Fujii’s Debt Sales Meet Insurers’ Buying Surge, Capping Yields
Japan’s four largest life insurers plan to buy more local debt on concerns the economic recovery will be weak, helping cap yield gains amid speculation the government will increase record bond sales as tax revenue falls.

Japan’s Finance Minister Hirohisa Fujii said Oct. 20 the budget deficit for the year ending March may be “quite large” as tax revenue declines, an indication bond sales could exceed 50 trillion yen ($555 billion). Analysts in a weighted Bloomberg survey forecast the 10-year yield will increase to 1.48 percent by the end of March, from 1.365 percent as of 9:34 a.m. in Tokyo.
Demand for government bonds may rise with real returns, what investors receive after adjusting for living costs, near the highest since 1995. Nippon Life Insurance Co., Dai-ichi Mutual Life Insurance Co., Meiji Yasuda Life Insurance Co. and Sumitomo Life Insurance Co. this month said they will add to domestic bond holdings, opting for safer assets as the world’s second-largest economy recovers from its worst postwar recession.
“Domestic investors are still willing to buy JGBs to seek stable earnings,” according to RuiXue Xu, a rates strategist in Tokyo at RBS Securities Japan Ltd., one of the 23 primary dealers required to bid at government auctions. “Strong buying demand from domestic investors should cap yield increases.”
Unemployment Climbing
Government reports next week are forecast to show gains in production slowed and the nation’s unemployment rate climbed to match a record last month.

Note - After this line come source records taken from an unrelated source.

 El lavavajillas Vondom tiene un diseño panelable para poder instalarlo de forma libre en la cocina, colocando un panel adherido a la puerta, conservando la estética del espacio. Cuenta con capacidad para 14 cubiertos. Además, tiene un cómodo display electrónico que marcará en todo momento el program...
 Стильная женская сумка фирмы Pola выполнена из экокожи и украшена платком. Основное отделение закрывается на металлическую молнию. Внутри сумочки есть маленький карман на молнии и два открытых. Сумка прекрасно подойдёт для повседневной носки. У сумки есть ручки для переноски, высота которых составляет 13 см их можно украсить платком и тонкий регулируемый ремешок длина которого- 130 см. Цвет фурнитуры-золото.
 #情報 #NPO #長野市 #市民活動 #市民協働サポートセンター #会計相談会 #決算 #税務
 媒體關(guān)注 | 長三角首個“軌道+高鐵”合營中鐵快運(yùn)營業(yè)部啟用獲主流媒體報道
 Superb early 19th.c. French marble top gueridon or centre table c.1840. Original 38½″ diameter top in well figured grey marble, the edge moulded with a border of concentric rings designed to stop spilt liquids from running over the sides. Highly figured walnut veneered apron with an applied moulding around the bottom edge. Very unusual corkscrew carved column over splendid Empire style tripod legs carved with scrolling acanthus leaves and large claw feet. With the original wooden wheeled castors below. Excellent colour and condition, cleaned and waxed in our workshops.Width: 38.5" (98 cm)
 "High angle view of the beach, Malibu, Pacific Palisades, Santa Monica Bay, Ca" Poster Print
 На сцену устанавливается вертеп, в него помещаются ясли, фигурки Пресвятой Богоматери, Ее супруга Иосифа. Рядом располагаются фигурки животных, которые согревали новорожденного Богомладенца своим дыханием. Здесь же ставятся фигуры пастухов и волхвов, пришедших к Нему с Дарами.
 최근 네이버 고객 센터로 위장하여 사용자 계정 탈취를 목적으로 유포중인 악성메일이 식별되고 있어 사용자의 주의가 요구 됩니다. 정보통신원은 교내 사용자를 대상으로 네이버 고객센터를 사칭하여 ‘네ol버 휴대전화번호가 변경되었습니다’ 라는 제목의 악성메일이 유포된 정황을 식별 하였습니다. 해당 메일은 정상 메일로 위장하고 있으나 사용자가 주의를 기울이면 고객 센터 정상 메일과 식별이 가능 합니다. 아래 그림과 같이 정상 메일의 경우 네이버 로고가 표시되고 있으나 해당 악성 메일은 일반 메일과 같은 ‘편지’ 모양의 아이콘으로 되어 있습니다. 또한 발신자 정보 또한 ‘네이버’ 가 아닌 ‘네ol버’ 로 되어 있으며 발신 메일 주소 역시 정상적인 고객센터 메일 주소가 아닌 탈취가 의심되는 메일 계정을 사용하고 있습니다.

“We’re still not at a stage where we can increase our bets on asset classes that are riskier,” such as equities, Akinao Nishio, a manager in the investment planning division at Dai- ichi Mutual said in an interview on Oct. 13. “The market is still expecting to hit another bottom, so we have to watch for possible risks.”
Factory output rose 0.8 percent in September after climbing 1.6 percent the prior month, according to the median estimate of economists in a Bloomberg survey before the Oct. 29 report. The jobless rate increased to 5.7 percent, a separate survey showed before the statistic bureau report on Oct. 30.
Japanese consumer prices, excluding fresh food, dropped 2.4 percent in September, according to the median estimate of economists in a Bloomberg survey. That means that real yields will climb to 3.76 percentage points.
Nine-year notes protected against inflation yielded 1.29 percentage points more than similar-dated regular notes today, compared with 1.23 percentage points a week ago, Bloomberg data showed. Inflation-adjusted securities typically yield less than regular bonds because their principal payment increases at the same rate as inflation.
Nikkei Recovery
The Nikkei 225 Stock Average jumped 25 percent in the fiscal first half ended Sept. 30, rebounding from its biggest annual decline in the 12 months ended March 31. Japan’s trade recovery may be curtailed after the yen gained versus all 16 major currencies this year, making exporters’ products more expensive and eroding the value of profits earned abroad.
The recent recovery in equity markets is due mostly to global efforts to stabilize the financial industry through stimulus packages and the next key step to watch for will be revenue increases at companies, according to Sumitomo Life, Japan’s fourth-largest life insurer.
“Domestic bonds continue to be a good investment as part of our policy to focus on asset liability management,” Iwao Matsumoto, deputy general manager of investment planning at Sumitomo Life said in an interview on Oct. 14. “Overseas bonds with currency hedges are a good bet in this market environment, as costs to hedge currency moves are relatively cheap.”
Cheap Hedging Costs
The difference between domestic and foreign short-term borrowing costs, which determines fees to hedge securities, is narrowing, boosting the attraction of overseas debt relative to Japanese sovereigns. The gap between the London interbank offered rate for yen and dollar loans for six months was five basis points today, down from this year’s high of 116 basis points reached in March, according to data compiled by Bloomberg. A basis point is 0.01 percentage point.
“Japanese life insurers remain focused on long-term JGBs and currency hedged foreign bonds in their investment plans,” said Masafumi Yamamoto, Tokyo-based chief foreign-exchange strategist at Barclays Bank Plc. “This reflects their cautious stance on market volatility, as well as the favorable which to invest in long-term foreign bonds.”
The yen traded at 91.41 per dollar, weakening 0.6 percent from 90.89 on Oct. 16 in New York.